TASK DESCRIPTION: Without the pictures, write out all the lines below exactly as they appear.

INFORMATION PROVIDED:

=-=-=

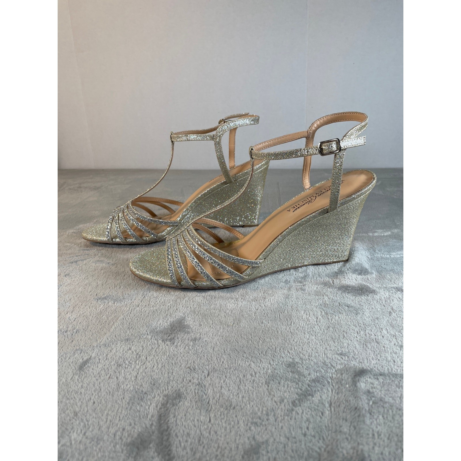 как выглядит Badgley Mischka Vicky Embellished Wedge Heels - Size 10 фото
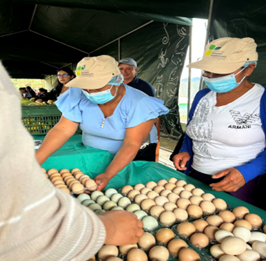 Figura 4. Las productoras del APA Tierra del Inca mostrando su producción de huevos y el modo de presentación en tapas de plástico para garantizar la limpieza y desinfección
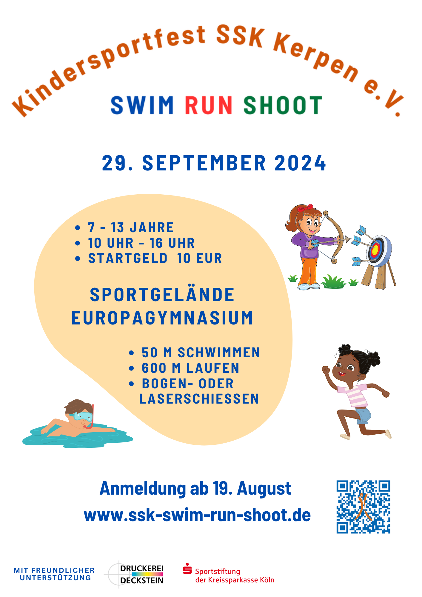 SWIM-RUN-SHOOT, ein besonderes Sportfest für Kinder am 29.9.2024

=-=-=

ANSWER SPACE:
 как выглядит Badgley Mischka Vicky Embellished Wedge Heels - Size 10 фото
 Figura 4. Las productoras del APA Tierra del Inca mostrando su producción de huevos y el modo de presentación en tapas de plástico para garantizar la limpieza y desinfección
 SWIM-RUN-SHOOT, ein besonderes Sportfest für Kinder am 29.9.2024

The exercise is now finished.